Not only is she credited with discovering Neil Diamond – for whom she also sang backing vocals, but her writing partnership with Jeff Barry (whom she would marry and later divorce) produced some of the most enduring moments of pop genius in tandem with the now chokey-dwelling producing genius Phil Spector.

Tracks written by Greenwich with Barry and /or Spector include Leader of the Pack for the Shangri-Las, Then He Kissed Me and Da Doo Ron Ron for The Crystals, Be My Baby for The Ronettes and perhaps most tellingly River Deep, Mountain High for Ike & Tina Turner.

River Deep Mountain High

River Deep Mountain High

Such was Spector’s frustration at River Deep, Mountain High’s failure to chart in the US – where it peaked at No 88 – that it effectively ended the Wall of Sound label, and Spector stopped working for a considerable period.

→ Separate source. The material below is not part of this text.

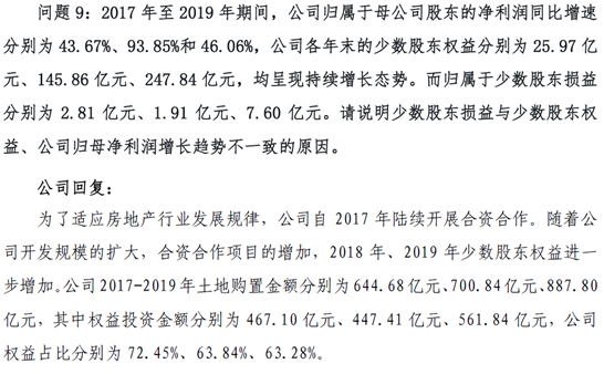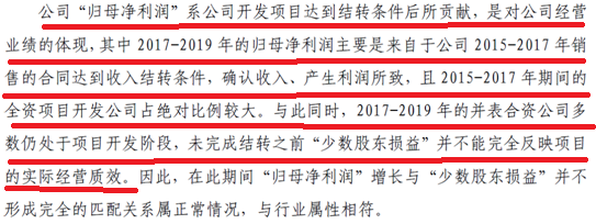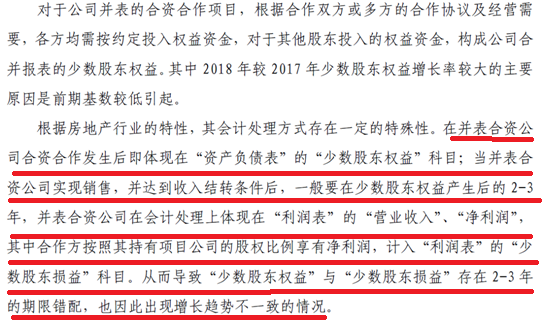 不可以。很多賣方的報告是存在錯誤的。應該說明股實債會導致權(quán)益比和損益比之間存在差異,但并不能說這兩個指標之間存在差異就是因為明股實債,因為導致這兩個指標產(chǎn)生差異的原因有很多,并且最核心的因素也不是明股實債。比如我們在文首指出的地產(chǎn)公司由于預收制度的存在導致收入確認和利潤分配存在滯后。也就是說,這兩年合作開發(fā)比較多,那么非并表全資子公司的投入在當期就計入了少數(shù)股東權(quán)益,但是這些項目要達到收入確認條件至少是2-3年之后的事情,因此這就會造成權(quán)益比和損益比之間出現(xiàn)差異。也就是說,小股東雖然現(xiàn)在出資了,但是分配利潤要等到2-3年之后,這就會使得當期的少數(shù)股東損益占比小于少數(shù)股東權(quán)益占比。結(jié)合現(xiàn)實情況可知,合作開發(fā)也就是17年逐步開始出現(xiàn)的,也就是說,17年合作的項目,當年小股東的投入已經(jīng)計入了少數(shù)股東權(quán)益,但是這些項目要達到結(jié)轉(zhuǎn)條件基本要到2020年,所以在利潤表上是這幾年都不會有分配,這個原因是造成這幾年二者之間差異的最重要原因。此外,還有其他因素會導致這一差異,比如不同項目之間盈利情況是存在差異的,比如有的小股東在達到收入確認條件前會提前退出等等。

To Britain’s eternal credit, the track did much better on this side of the Atlantic, reaching No. 3.

River Deep, Mountain High features at No 33 on Rolling Stone magazine’s list of the 500 Greatest Songs of All Time. The Greenwich-Barry writing partnership features more entries in that list than any other writer.

Ellie Greenwich died of a heart attack on 26 August 2009 after being admitted to St. Luke’s Roosevelt Hospital, New York City for treatment for pneumonia.